A witness said a television could be seen still playing on the second floor while fire trucks pointed hoses at the flames.

All three Princeton fire companies responded to the scene, ac-cording to Township Fire Chief Ray Bianco. Lawrenceville Fire Co. and Princeton Junction Fire Co. assisted and Kingston provided backup.

It took about an hour for the 36 firemen who were at the scene to bring the fire under control, accord-ing to Ted Cashel, township fire official.

The fire was determined to be electrical in origin, but no one is sure how it started, Mr. Cashel said.

It started behind the walls on the second floor in an empty space that contained only electrical wires, he said. It burned between 90 minutes and 2 hours before it was detected by the fire alarm at about 9 p.m., he said.
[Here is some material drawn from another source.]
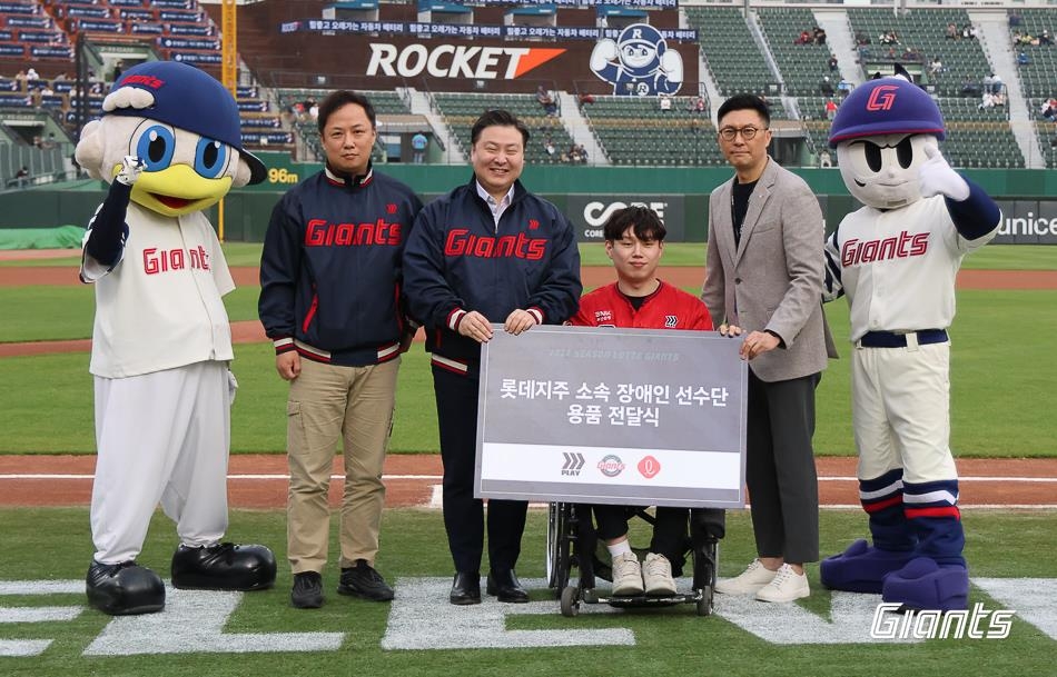 이를 위해 지난달 19일 롯데자이언츠와 KT위즈 경기가 열린 부산 사직야구장에서 롯데지주 장애인 선수단을 위한 용품 전달식을 진행하기도 했다.

From there it traveled to all parts of the house and engulfed the attic, left wing and eaves, he said. The house was about 20 years old, Mr. Cashel said.

The basement suffered smoke and heat damage, while the right wing was saved, but was uninhabitable, he said.

The family was staying in a hotel, Mr. Musing said.

The water pressure in that part of the township is relatively low, com-pared to other areas, but it is not below safety standards, Mr. Cashel said. There was an initial drop in water pressure, but it did not affect the ability of the firemen to do their job, he said.

On Monday, Elizabethtown Water Co. workers repaired a suspected water leak at a fireplug on nearby Fairview Drive, which had been leaking for a few days, but did not hinder firefighting efforts, he said.